Julia master now has a much better GEMM threading threshold: https://github.com/JuliaLang/julia/pull/50844

albheim commented 1 year ago

Using single julia thread

julia> versioninfo()
Julia Version 1.10.0-beta1
Commit 6616549950e (2023-07-25 17:43 UTC)
Platform Info:
  OS: Linux (x86_64-linux-gnu)
  CPU: 8 × Intel(R) Core(TM) i5-8250U CPU @ 1.60GHz
  WORD_SIZE: 64
  LIBM: libopenlibm
  LLVM: libLLVM-15.0.7 (ORCJIT, skylake)
  Threads: 1 on 8 virtual cores

lubench-1

Using julia -t auto

julia> versioninfo()
Julia Version 1.10.0-beta1
Commit 6616549950e (2023-07-25 17:43 UTC)
Platform Info:
  OS: Linux (x86_64-linux-gnu)
  CPU: 8 × Intel(R) Core(TM) i5-8250U CPU @ 1.60GHz
  WORD_SIZE: 64
  LIBM: libopenlibm
  LLVM: libLLVM-15.0.7 (ORCJIT, skylake)
  Threads: 11 on 8 virtual cores

lubench

lgoettgens commented 1 year ago

single thread

julia> versioninfo()
Julia Version 1.9.2
Commit e4ee485e909 (2023-07-05 09:39 UTC)
Platform Info:
  OS: Linux (x86_64-linux-gnu)
  CPU: 8 × Intel(R) Core(TM) i7-10510U CPU @ 1.80GHz
  WORD_SIZE: 64
  LIBM: libopenlibm
  LLVM: libLLVM-14.0.6 (ORCJIT, skylake)
  Threads: 1 on 8 virtual cores

lubench1

julia -t auto

julia> versioninfo()
Julia Version 1.9.2
Commit e4ee485e909 (2023-07-05 09:39 UTC)
Platform Info:
  OS: Linux (x86_64-linux-gnu)
  CPU: 8 × Intel(R) Core(TM) i7-10510U CPU @ 1.80GHz
  WORD_SIZE: 64
  LIBM: libopenlibm
  LLVM: libLLVM-14.0.6 (ORCJIT, skylake)
  Threads: 8 on 8 virtual cores

lubench

ViralBShah commented 1 year ago

@ChrisRackauckas Where can I find out what each of the factorizations does?
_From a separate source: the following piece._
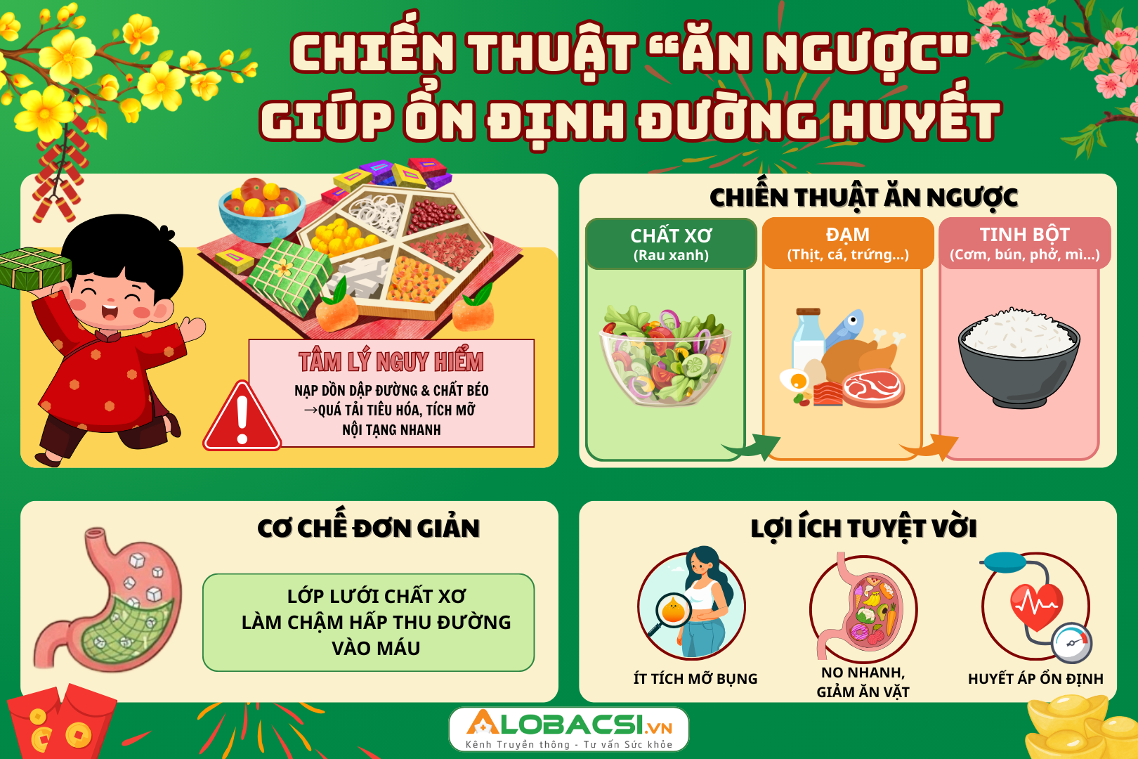Đừng để tiệc tùng những ngày Tết gây quá tải tiêu hóa và khiến đường trong máu tăng cao. Hãy áp dụng ngay chiến thuật "ăn ngược" để tận hưởng trọn vẹn niềm vui ẩm thực mà vẫn giữ được vóc dáng cân đối, kiểm soát tốt đường huyết cũng như phòng ngừa các biến chứng nguy hiểm.

chriselrod commented 1 year ago

I think we may want

@static if Sys.ARCH === :x86_64
const libMKL = MKL_jll.libmkl_rt # more convenient name
function mkl_set_num_threads(N::Integer)
    ccall((:MKL_Set_Num_Threads,libMKL), Cvoid, (Int32,), N % Int32)
end
mkl_set_num_threads(Threads.nthreads())
end

for single threaded comparisons.

Single threaded performance where we actually restrict the solves to a single thread would likely be useful for ensemble solves.